**Requirement**
Beginning at the top of the data below, restate every line word for word until the line containing "Material:18K Gold-Plated,Stainless Steel,Zircon,Resin" has been included, and omit the pictures.

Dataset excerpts
________

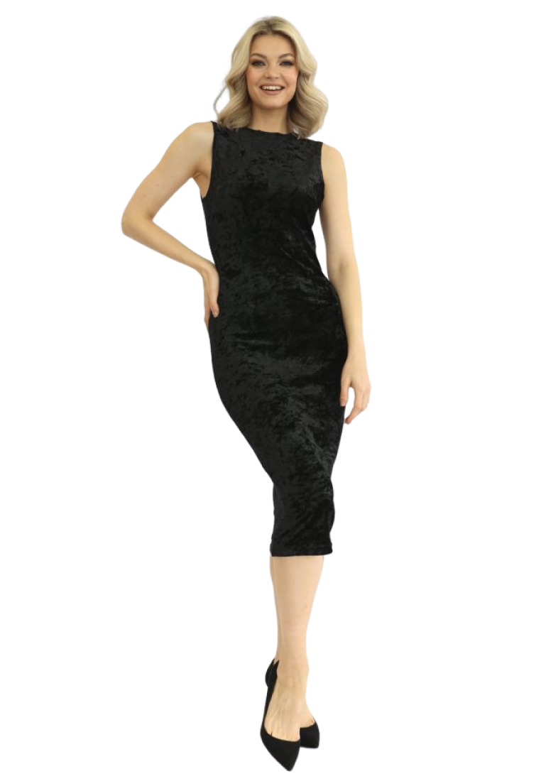 Платье-футляр без рукавов из бархата.Ткань: материал с мягким густым ворсом на лицевой стороне. Поверхность отличается легким блеском, меняет цвет в зависимости от угла освещения (хамелеон). Изнаночная сторона цветная. Полотно эластичное, при драпировке образует мягкие складки.
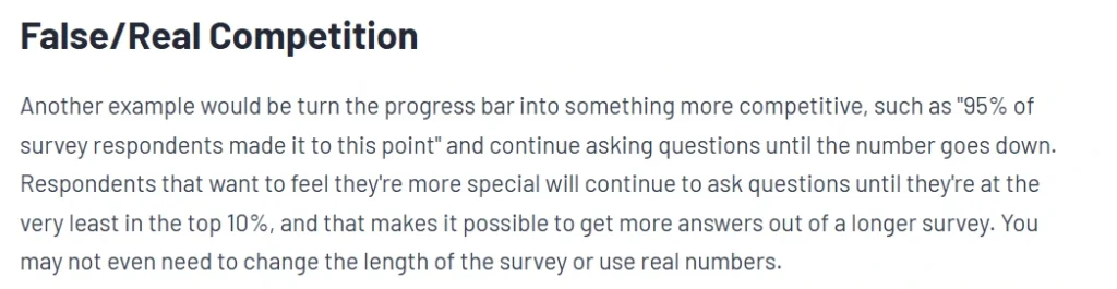 Some survey platforms take it even further. SurveyMethods, in their guide to “gamification,” suggests turning the progress bar into “something more competitive” by telling respondents that “95% of survey respondents made it to this point” as they keep going. They openly admit: “You can simply claim that X amount of participants reached a point… even if no such number exists”.
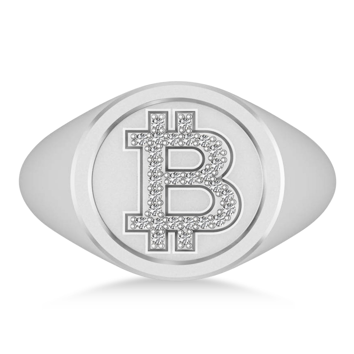 Diamond Cryptocurrency Bitcoin Men's Ring 14k White Gold (0.14ct)
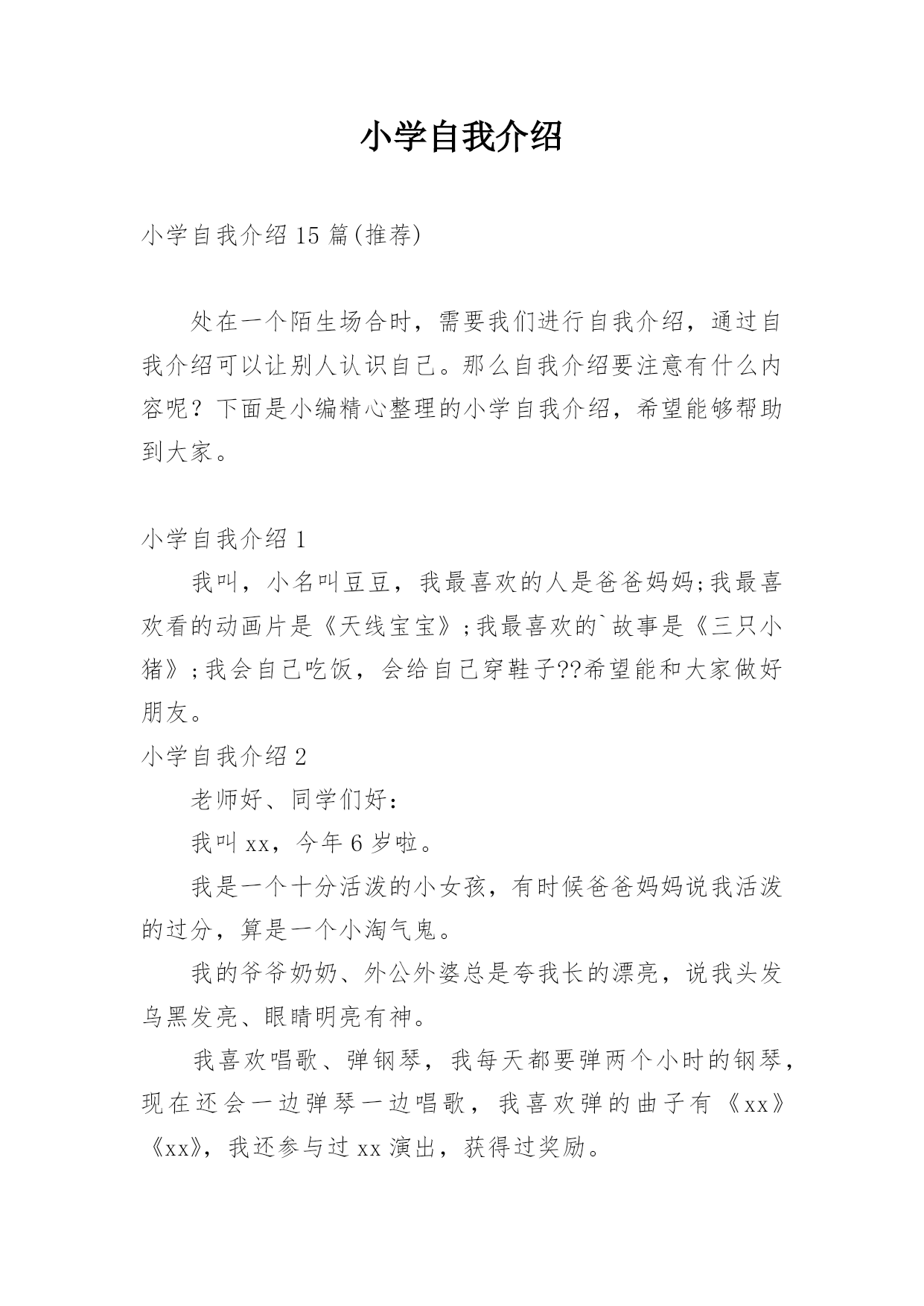 小学自我介绍小学自我介绍15篇(推荐)处在一个陌生场合时,需要我们进行自我介绍,通过自我介绍可以让别人认识自己。那么自我介绍要注意有什么内容呢?下面是小编精心整理的小学自我介绍,希望能够帮助到大家。小学自我介绍1我叫,小名叫豆豆,我最喜欢的人是爸爸妈妈;我最喜欢看的动画片是《天线宝宝》;我最喜欢的`故事是《三只小猪》;我会自己吃饭,会给自己穿鞋子??希望能和大家做好朋友。小学自我介绍2老师好、同学们好:我叫xx,今年6岁啦。我是一个十分活泼的小女孩,有时候爸爸妈妈说我活泼的过分,算是一个小淘气鬼。我的爷爷
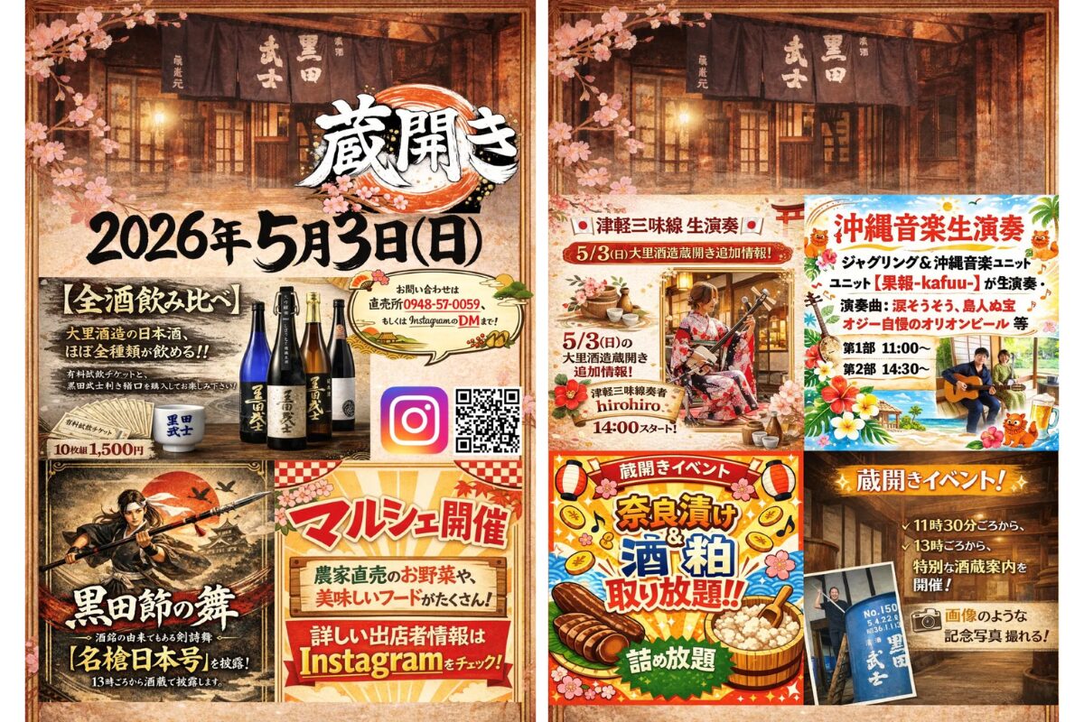 日本酒の飲み比べに加え、伝統芸能や音楽、食、蔵見学までそろう「大里酒造蔵開き2026」は、嘉麻市ならではの魅力を体感できるイベントです。
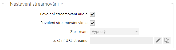 - Zipstream (dostupné pouze pro H.264) – nastavení zipstreamu lokálního URL streamu, které má přednost před hodnotou zadanou v Nastavení Streamování.
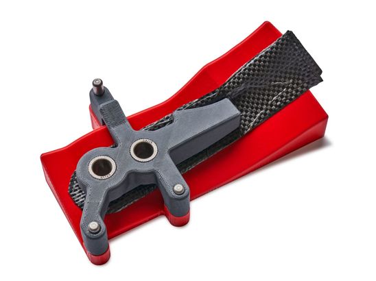 FDM Nylon-CF10 is a nylon carbon fiber filament. The base polymer is filled 10% by weight with chopped carbon, which produces a composite material with much higher strength than the nylon base material. This makes it an excellent choice for 3D printed work-holding fixtures that can be made lighter and faster than traditional metal fixtures, but with sufficient strength.
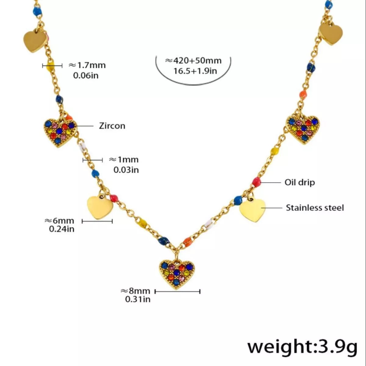 • Material:18K Gold-Plated,Stainless Steel,Zircon,Resin
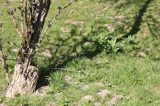 Eine "Gierschplantage". Das Kraut kann man essen, was wir auch probiert haben. Ein kulinarischer Genuss ist damit aber nicht verbunden, abschreckend ist es aber auch nicht. Allerdings wuchert das Zeug dermaßen, dass es kaum in den Griff zu bekommen ist. Vertreiben lässt es sich schon mal gar nicht. Da hilft nur mähen. Wenn wir großes Glück haben, kämpft sich der Bärlauch bis dahin vor und nimmt uns die Arbeit ab. Bärlauch ist auch deutlich leckerer.
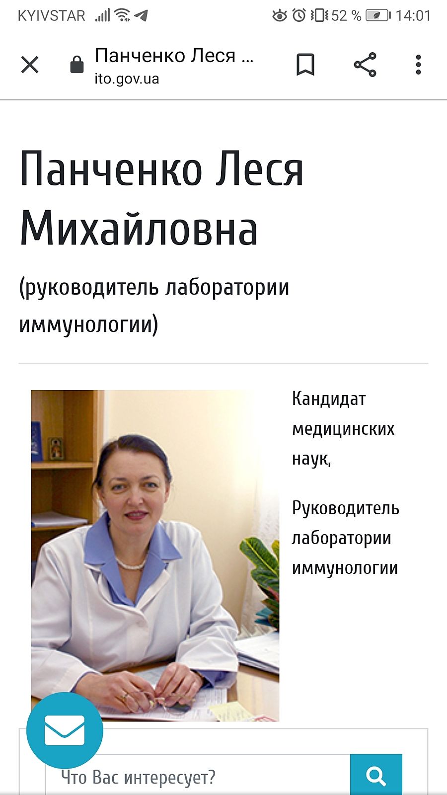 На меня очень хорошее впечатление произвела имунолог в институте травматологии и ортопедии на Воровского. Леся Михайловна. Она профи и фанат своего дела. Это комментарии разных врачей о ней. Контактов нет. Давно обращалась. Она нашла причину моих проблем со здоровьем.

________

**Answer to this task**
 Платье-футляр без рукавов из бархата.Ткань: материал с мягким густым ворсом на лицевой стороне. Поверхность отличается легким блеском, меняет цвет в зависимости от угла освещения (хамелеон). Изнаночная сторона цветная. Полотно эластичное, при драпировке образует мягкие складки.
 Some survey platforms take it even further. SurveyMethods, in their guide to “gamification,” suggests turning the progress bar into “something more competitive” by telling respondents that “95% of survey respondents made it to this point” as they keep going. They openly admit: “You can simply claim that X amount of participants reached a point… even if no such number exists”.
 Diamond Cryptocurrency Bitcoin Men's Ring 14k White Gold (0.14ct)
 小学自我介绍小学自我介绍15篇(推荐)处在一个陌生场合时,需要我们进行自我介绍,通过自我介绍可以让别人认识自己。那么自我介绍要注意有什么内容呢?下面是小编精心整理的小学自我介绍,希望能够帮助到大家。小学自我介绍1我叫,小名叫豆豆,我最喜欢的人是爸爸妈妈;我最喜欢看的动画片是《天线宝宝》;我最喜欢的`故事是《三只小猪》;我会自己吃饭,会给自己穿鞋子??希望能和大家做好朋友。小学自我介绍2老师好、同学们好:我叫xx,今年6岁啦。我是一个十分活泼的小女孩,有时候爸爸妈妈说我活泼的过分,算是一个小淘气鬼。我的爷爷
 日本酒の飲み比べに加え、伝統芸能や音楽、食、蔵見学までそろう「大里酒造蔵開き2026」は、嘉麻市ならではの魅力を体感できるイベントです。
 - Zipstream (dostupné pouze pro H.264) – nastavení zipstreamu lokálního URL streamu, které má přednost před hodnotou zadanou v Nastavení Streamování.
 FDM Nylon-CF10 is a nylon carbon fiber filament. The base polymer is filled 10% by weight with chopped carbon, which produces a composite material with much higher strength than the nylon base material. This makes it an excellent choice for 3D printed work-holding fixtures that can be made lighter and faster than traditional metal fixtures, but with sufficient strength.
 • Material:18K Gold-Plated,Stainless Steel,Zircon,Resin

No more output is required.